WORK TASK:
From the line containing "Si vous désirez" to the line containing "在净移民水平飙升至历史新高的" in the entries below, reproduce every line exactly, ends included. Nothing else belongs in the copy, and no pictures.

[Records from a data source]

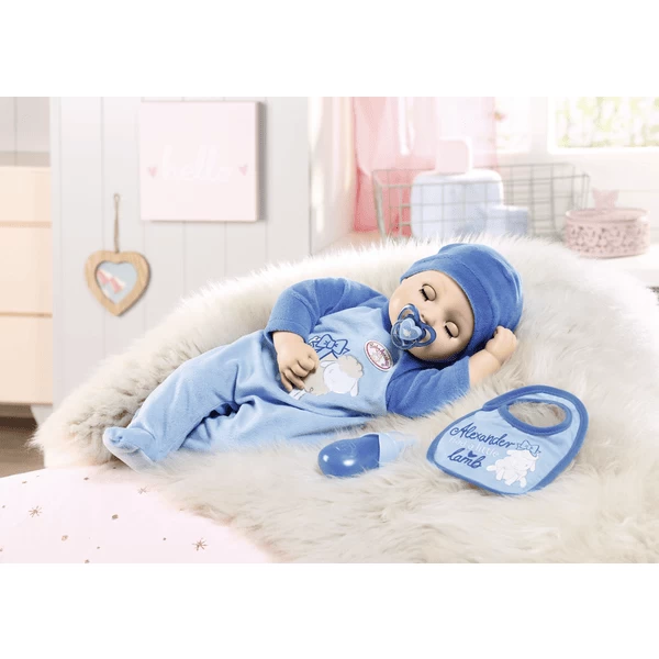 Alexander is een echte flessenbaby en zuigt op zijn blauwe fles met mondbewegingen en drinkgeluiden. Als het voeden niet snel genoeg gaat, vloeien er echte poppentranen en huilt Alexander hartverwarmend. Maar hij komt snel weer tot rust met allerlei activiteiten. Zijn favoriete bezigheid is om “hop, hop, hop” te spelen en vrolijk te lachen.
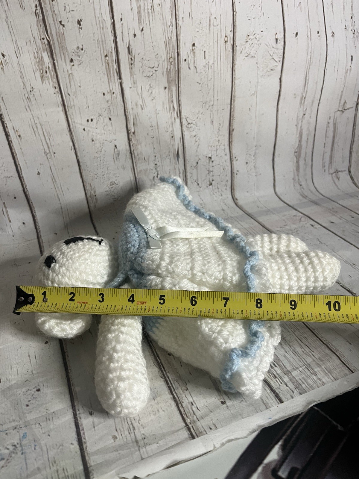как выглядит Handmade Crochet White Teddy Bear Stuffed Animal Doll In Blue Dress фото
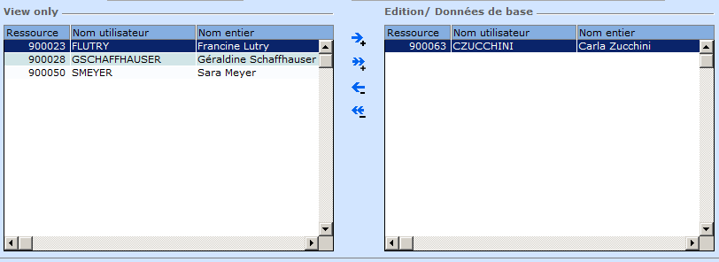 Si vous désirez déplacer des utilisateurs d’une section à l’autre, vous pouvez utiliser les flèches bleues. Les doubles-flèches déplacent tous les utilisateurs à la fois. Les utilisateurs avec un droit d’administrateur ne pourront pas être déplacés.
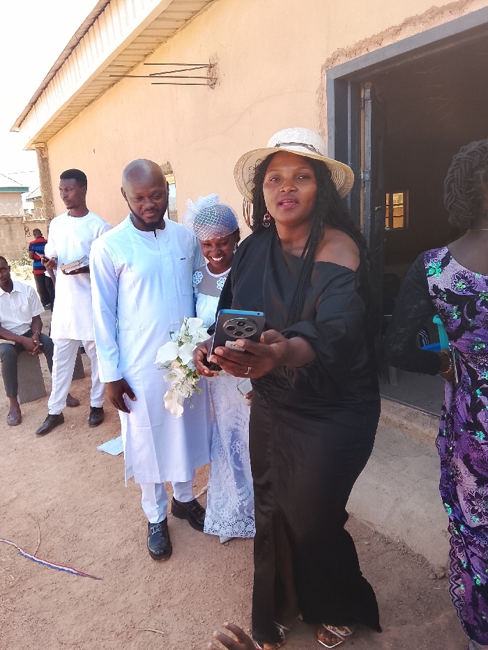 An outdoor scene in Gwafan, Nigeria, depicts several individuals standing on an unpaved dirt ground in front of a light brown building with a corrugated metal roof. In the foreground, a woman with dark braided hair, wearing a straw hat, a black off-the-shoulder long-sleeved top, and a black skirt, holds a dark smartphone with a multi-lens camera array in her right hand, positioned as if recording or photographing. She wears a ring on her left ring finger. Adjacent to her, a man with a bald head, dressed in a light blue traditional Nigerian garment, stands next to a woman wearing a white lace dress and a white veil, holding a white floral bouquet. Both individuals are looking downwards and smiling. To the left, a man in a white traditional Nigerian outfit holds a small rectangular object in his hands. Further left, partially visible, a man in a white shirt and dark pants is seated on a low concrete block. On the far right, a woman in a purple sequined patterned dress is partially visible, standing near a dark rectangular doorway. Three horizontal metal rods protrude from the building's wall above the central figures. A red, white, and blue striped ribbon lies on the ground in the lower-left corner. The lighting indicates clear daylight conditions.
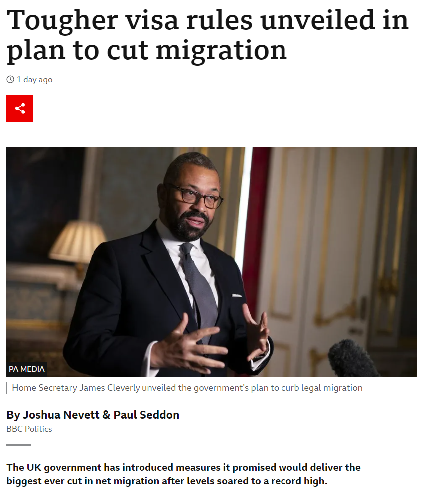 在净移民水平飙升至历史新高的情况下,近日,英国内政大臣詹姆斯·克莱弗利宣布了一项遏制移民的新措施。
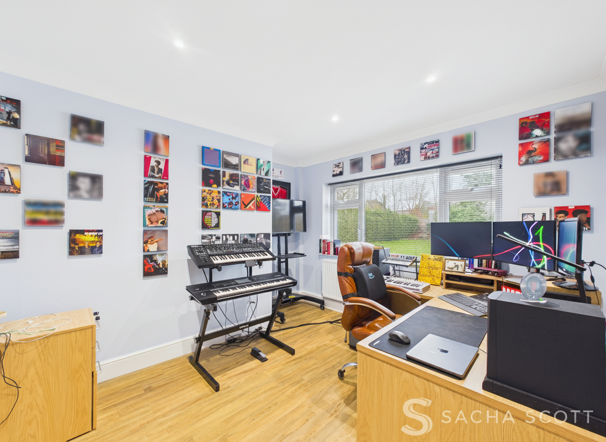 Currenlty used as a home office, this additional handy room offers views over the front of this gorgeous family home and benefits from neutral decor and high quality oak effect vinyl flooring. A flexible room that could be used a study, playroom or gym, it is located opposite the main family living area on the ground floor.
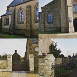 Heropgebouwde parochiekerk Sint-Pieter met omringend kerkhof : gedenkplaat Karabiniers en gedenkplaat 8ste Linieregiment
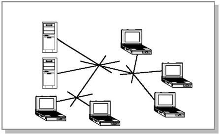Все компьютеры и сетевые устройства подключены к одному центральному устройству. Топология "расширенная звезда" (extended star) показана на рис. 7.
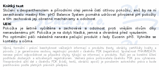 Složení s dexpanthenolem a přírodními oleji jemně čistí citlivou pokožku, aniž by na ní zanechávalo mastný film. pH5 Balance System pomáhá udržovat přirozené pH pokožky a tím zachovává její obranné mechanismy a odolnost.
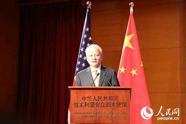 中国驻美国大使崔天凯在招待会上讲话。张梦旭摄

RESULT:
 Si vous désirez déplacer des utilisateurs d’une section à l’autre, vous pouvez utiliser les flèches bleues. Les doubles-flèches déplacent tous les utilisateurs à la fois. Les utilisateurs avec un droit d’administrateur ne pourront pas être déplacés.
 An outdoor scene in Gwafan, Nigeria, depicts several individuals standing on an unpaved dirt ground in front of a light brown building with a corrugated metal roof. In the foreground, a woman with dark braided hair, wearing a straw hat, a black off-the-shoulder long-sleeved top, and a black skirt, holds a dark smartphone with a multi-lens camera array in her right hand, positioned as if recording or photographing. She wears a ring on her left ring finger. Adjacent to her, a man with a bald head, dressed in a light blue traditional Nigerian garment, stands next to a woman wearing a white lace dress and a white veil, holding a white floral bouquet. Both individuals are looking downwards and smiling. To the left, a man in a white traditional Nigerian outfit holds a small rectangular object in his hands. Further left, partially visible, a man in a white shirt and dark pants is seated on a low concrete block. On the far right, a woman in a purple sequined patterned dress is partially visible, standing near a dark rectangular doorway. Three horizontal metal rods protrude from the building's wall above the central figures. A red, white, and blue striped ribbon lies on the ground in the lower-left corner. The lighting indicates clear daylight conditions.
 在净移民水平飙升至历史新高的情况下,近日,英国内政大臣詹姆斯·克莱弗利宣布了一项遏制移民的新措施。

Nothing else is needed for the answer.